Within this rich atmosphere, the grandson grew up absorbed with the soft strumming sounds of “aajah” Algoo’s stringed sitar, the hum of the harmonium, the thumps of the talking tablas, the dull drumming of the dholak, the sharp clang of the dhantal a rhythmic rod ingeniously crafted from the bullock yoke, and the fast flapping of the fancy “jhandis” or embossed prayer flags in the Corentyne wind. He remembers as well, his “aajah’s” treasured ceremonial metal objects, the triangular “kund” for the sacred, ancient fire ceremony, and brightly burnished brassware, the “lotas” and “thaalis.”
Yet “aajah” Algoo was a practical and industrious man, carefully tending yard fowls, planting “a big kitchen garden” to sell fresh vegetables during the 1940s, and years later faithfully preparing “dosaai” (grain pancakes) and “fried eggs” when his beloved son and grandson arrived by bicycle with gifts of harvested raw rice for their frequent visits.
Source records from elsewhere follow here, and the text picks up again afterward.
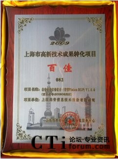 CTI論壇(ctiforum)7月19日消息(記者 潘婷婷):2010年7月,在夏日的熱潮中,維音又迎來了值得慶賀的殊榮。作為上海市高新技術(shù)軟件企業(yè),維音自主研發(fā)的軟件產(chǎn)品VisionROP再一次得到了認(rèn)可,被評(píng)為“2009年度上海市高新技術(shù)成果轉(zhuǎn)化項(xiàng)目百佳”。
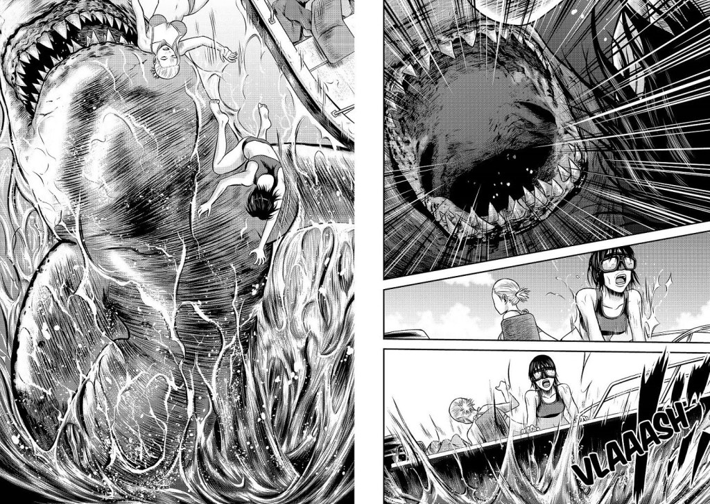 Bon eh bien clairement, il suffit pas d’aller bien loin dans sa lecture du manga pour comprendre que nous sommes face à un beau navet. Le contexte est posé rapidement : Kaito et ses amis du lycée qui ne se sont pas vus depuis six ans décident de se retrouver pour faire une petite virée en mer. L’un d’eux a emprunté en cachette un bateau dans la boîte dans laquelle il travaille (précision qui n’apporte rien à l’histoire, comme la grande majorité des infos que l’auteur distille ici et là) et décide de se prendre pour le capitaine de la petite troupe ; assez naturellement puisqu’il est le seul à avoir des connaissances sur la mer et la navigation. Suivi de sa troupe de boulets, notre chef entreprend donc d’arpenter les mers qui jadis ont abrité un énorme requin. Et comme on peut s’y attendre, ce monstre rôde toujours et ne va pas tarder à faire son apparition sous nos yeux non-ébahis pour se repaitre de cette troupe d’ados peu attachants et particulièrement idiots.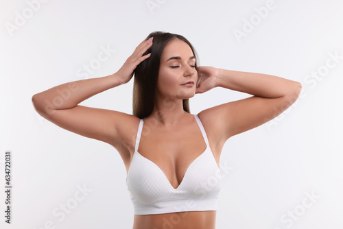 Fototapeta premium Portrait of young woman with beautiful breast on white background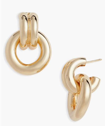 - Sparkle & Shine: Because the clothes are dark and textured, use the Jennifer Zeuner Francesca Collar Necklace and Jennifer Zeuner Hoop Earrings to bring light to your face.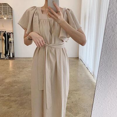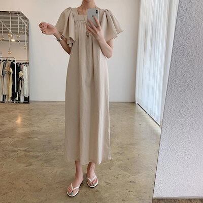 韓国/スクエアネック/鎖骨見せ/ロング丈/万能/気質/ワンピース/コットンスカート カップ 付きインナー
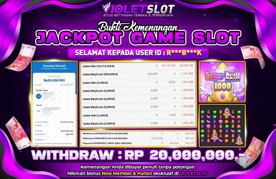 Selamat Kepada Member UNGUTOTO R*******K Telah Jackpot Di SUGAR RUSH 1000
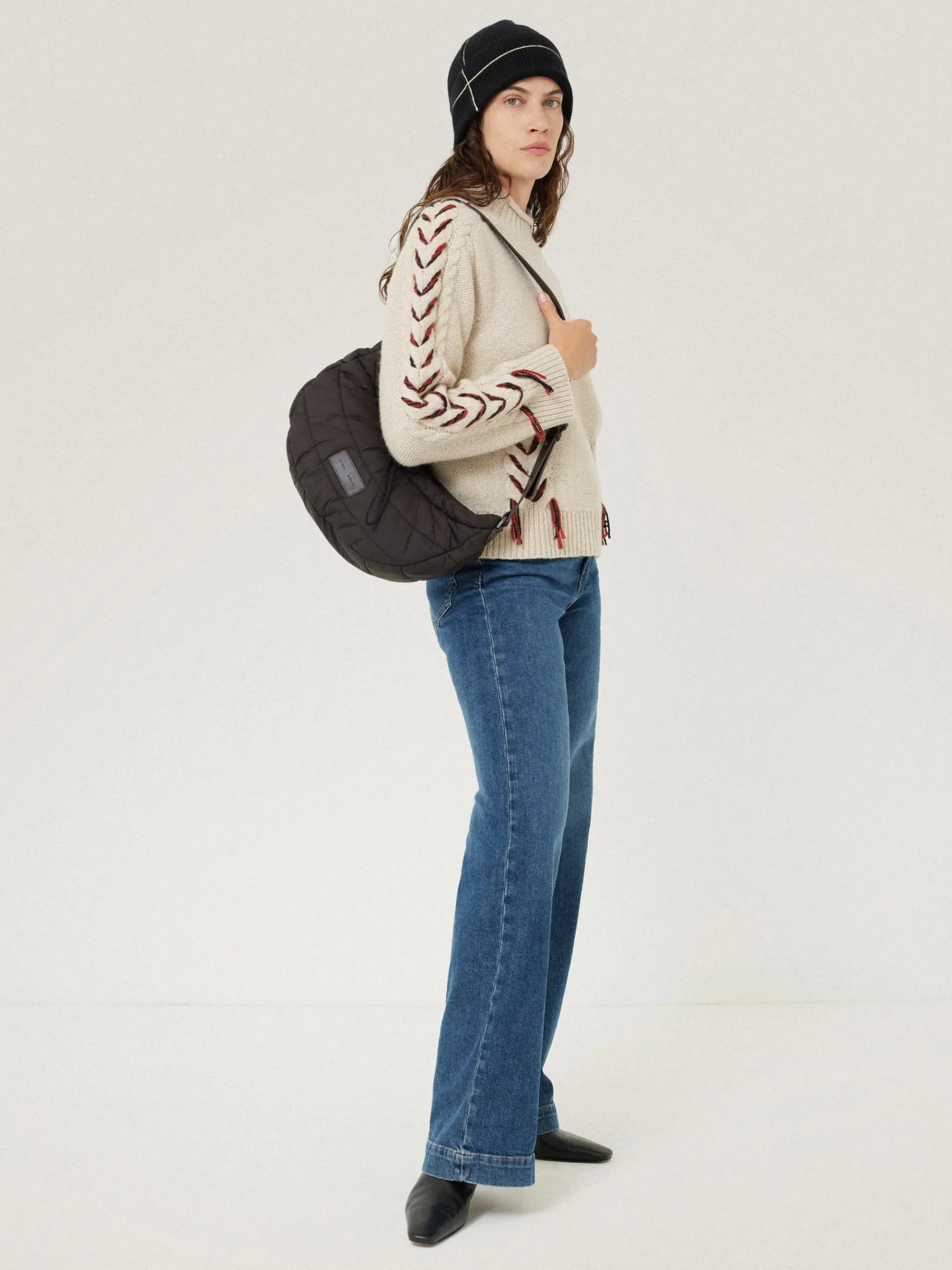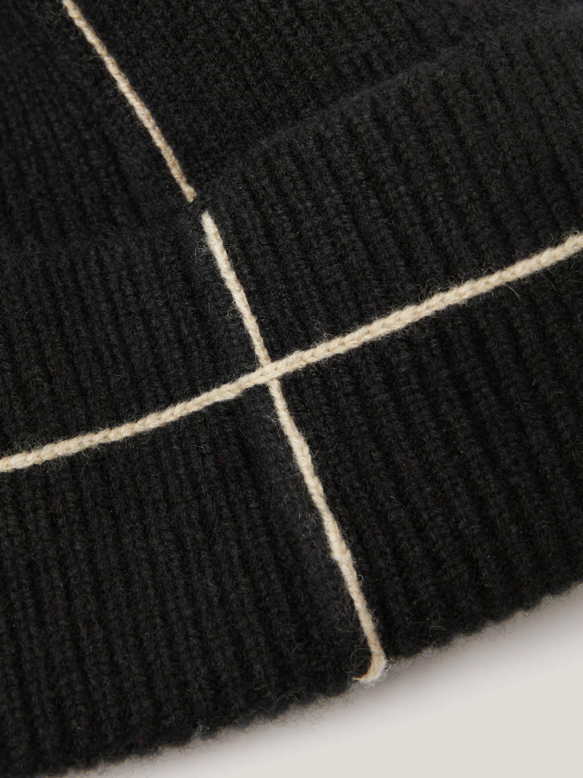 Elements of deconstruction were a theme across AW24, inspiring this classic beanie hat with contrasting seam detail. Crafted from our Compact Wool, this wool blend yarn is infused with 5% cashmere to give its luxurious handle. A key accessory for the winter months.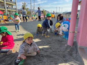 スコップやお皿を持って、一生懸命砂をすくってて、可愛らしい姿がたくさん見られました。

By age five, Terry was out with the Dil Bahar Orchestra, and as a versatile musician skilled with the instruments of chowtal and chutney, he went on to work with the Star Rhythm Combo, the Original Pioneers, and the Melody Makers before migrating to the United States to launch a successful solo singing career that soared with his “Soca Lambada” album.
Used literally, “Babu” affectionately means “father” but during British rule of India, the equivalent “Baboo” became common as a Hindi courtesy title for a man, being the same as “Mr.” The term can refer too, historically, to a Hindu clerk who is literate in English, but it was also deployed as a deeply disparaging description of natives with only limited knowledge of that language.
The negative connotations of the word go back to the little-known Bengali feminist and writer, Mokshodayani Mukhopadhyay, born around 1848, who came from a well-known family. The sister of W.C. Bonnerjee the first President of the Indian National Congress, and daughter of the renowned lawyer, Girish Chandra Bannerjee, she would launch a women’s journal in 1870 and publish her first collection of poems, “Bana Prasun” or “A Bunch of Wild Flowers” in 1882. According to the book, “Women Writing in India: 600 B.C to the early 20th century it was “critically acclaimed, but one of the poems in the collection roused exceptional protest.”
Entitled “Bangalir Babu” or the “Bengali Babu” it “was a fitting and witty riposte to a well-known satirical poem done in 1870s, “Bangalir Meye” or the “Bengali Woman” by Hemchandra Bandhopadhyay the leading male poet of the time.
“Mokshodayani matches Hemchandra’s attack on feminine vanity, malice and superstition with an equally damaging list of male attributes. The supposedly educated and emancipated ‘babu’ in her poem is vain, pompous, slavish and degenerate.” The poet insisted that she replied as representative of all women who were insulted or angered by the piece.
“Bengali Babu” opens with the taunt, “Who’s that rushing through his breakfast and bath?/ The Bengali babu! He’s terribly pressed:/ The sahib will scold him, should he be late,/So he’s got to get ready, and bustles about./ There he comes, decked in trousers and jacket!”
In her poem, Mokshodayani declares in derision, “Alas there goes our Bengali babu! He slaves away from ten till four,/Carrying his servitude like a pedlar’s wares./A lawyer or magistrate, or perhaps a schoolmaster, A subjudge, clerk or overseer:/The bigger the job, the greater his pride; / The babu thinks he’s walking on air./ Red in the face from the day’s labour,/He douses pegs of whiskey to relax when he’s home.”
A male reviewer would even confess: “I am always afraid to praise poems written by women, since it might instigate other women to desert their household duties and take up the pen. And what would be the hapless condition of the men in this circumstance!”
ID remembers the Guyana Baboo’s admission that he had intended many other verses for the song because he loved and missed the country so much. Ironically it first took off in chutney-crazy Trinidad and Tobago where he successfully introduced his big show in the region.